Наконец, я был предоставлен сам себе и мог взглянуть со стороны на странные события этого утра.
Я открывал телеграмму от своего брата, когда вдруг неожиданно увидел доктора, который крепко спал на диване. Возможно, я производил какой-то шум, вскрывая почту, а он спал довольно чутко, поэтому я облегченно вздохнул, когда увидел, что не разбудил его.
Что касается брата моего, то Майкрофта, понятное дело, совершенно расстроила попытка покушения на американского президента; считается, что это только попытка, так как мистер Гарфилд еще жив, хотя ситуация не очень оптимистичная. Майкрофта беспокоит, как это может повлиять на общий настрой в стране. Из того, что я знаю об американцах, мне кажется, что вряд ли у него есть основания для беспокойства . Как показывает их история, это стойкие люди - я признаю это без какой бы то ни было враждебности, в отличие от большинства моих соотечественников. Такое событие, как это покушение, конечно, весьма прискорбно, и страна не заслуживает того, чтобы лишиться своего руководителя в такой вот насильственной манере, но, то малое, что может сделать мой брат, это чтобы ничто не повлияло на отношения между Штатами и Англией.
То, что я бесцельно описываю в своем дневнике политические проблемы своего брата, лишь неопровержимо доказывает смятенное состояние моего ума. Вернусь к тому, с чего начал.
Телеграмму я прочел и ответил на нее ( нет, я не смогу заехать в Уайт-холл, чтобы пообедать вместе с ним и обсудить возможность моего вступления в клуб Диоген), затем я просмотрел остальную почту, приколов счета к оплате и прочие важные документы к каминной доске, как я обычно это делаю.
Когда я вскрывал очередной конверт, украшенный огромным гербом, вошла миссис Хадсон, неся горячий кофейник; и в этот момент доктор, наконец, зашевелился, просыпаясь.
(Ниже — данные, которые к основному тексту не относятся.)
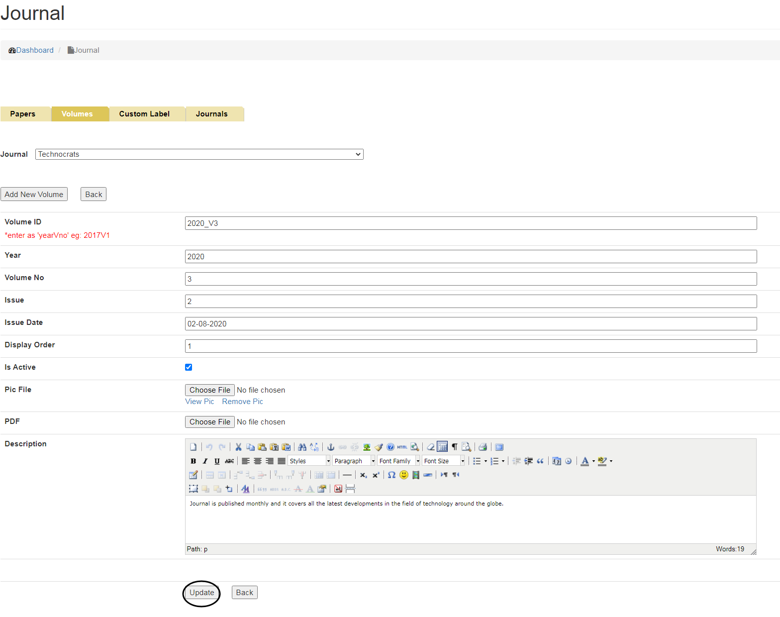 This part of the content Management System helps you to add and update information related to journals Published by the department.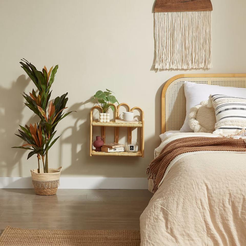 Size: L18,1 xW8,7 x H17,3 inch:2-tier wall-mounted hanging shelf in natural rattan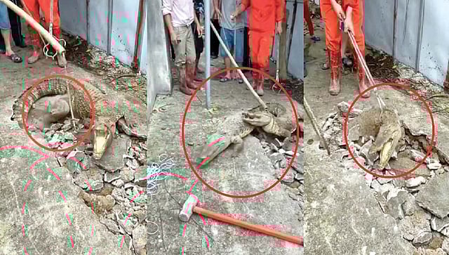 आपण मगरी पाण्यात पाहतो. परंतु, सध्याच्या व्हायरल व्हिडीओमध्ये दिसत असलेल्या मगरी या जमिनीतून आल्या आहेत. हा व्हिडीओ अनेकांचे लक्ष वेधून घेत आहे. लोकांना अजून शंका आहे की, त्या मगरी जमिनीच्या खाली कशा गेल्या. ज्यावेळी एका मगरीच्या तोंडाला दोर बांधला, त्यानंतर त्या मगरीच्या मागून अजून एक मगर तिथून बाहेर आली. ज्यावेळी दुसरी मगर पटकन बाहेर येते त्यावेळी तिथे असलेल्या लोकांमध्ये मोठी खळबळ माजली. हा व्हिडीओ ट्विटरवर शेअर करण्यात आला आहे.

Когда он, зевая, сел, то гораздо больше был похож на себя, чем накануне.
Не отрываясь от чтения своего письма, я пожелал ему доброго утра, но он что-то сердито проворчал и меня это озадачило. Тогда я спросил, как он себя чувствует – ведь больным всегда задают такие вопросы, разве нет? – на что мне было сказано «надо дать человеку проснуться, а потом уже задавать вопросы!»
Я усмехнулся и вернулся к своему письму, оно было от одного высокопоставленного клиента, старого друга одного моего знакомого по университету. Сам по себе этот факт ничего не значил, но случай, по которому он ко мне обратился, представлял некоторый интерес. К тому же сейчас я возьмусь за любое дело, ибо возможно через четыре дня мне придется выложить плату за всю эту квартиру целиком, а не половину, как обычно.
Я услышал, как миссис Хадсон захлопотала над доктором, который собирался встать с дивана, но, не обращая на них внимания, дочитал письмо, написал ответ, и налив себе чашку кофе, наблюдал, как хозяйка покидает нашу комнату, сопровождаемая изумленным взором моего компаньона. Затем он попытался встать, но тут же побледнел и поспешил вернуться в сидячее положение.
- Думаю, сегодня вы можете выпить кофе прямо на диване?
- Пожалуй, да, - он вздохнул, кивнув мне в знак благодарности. – Но сегодня мне определенно гораздо лучше.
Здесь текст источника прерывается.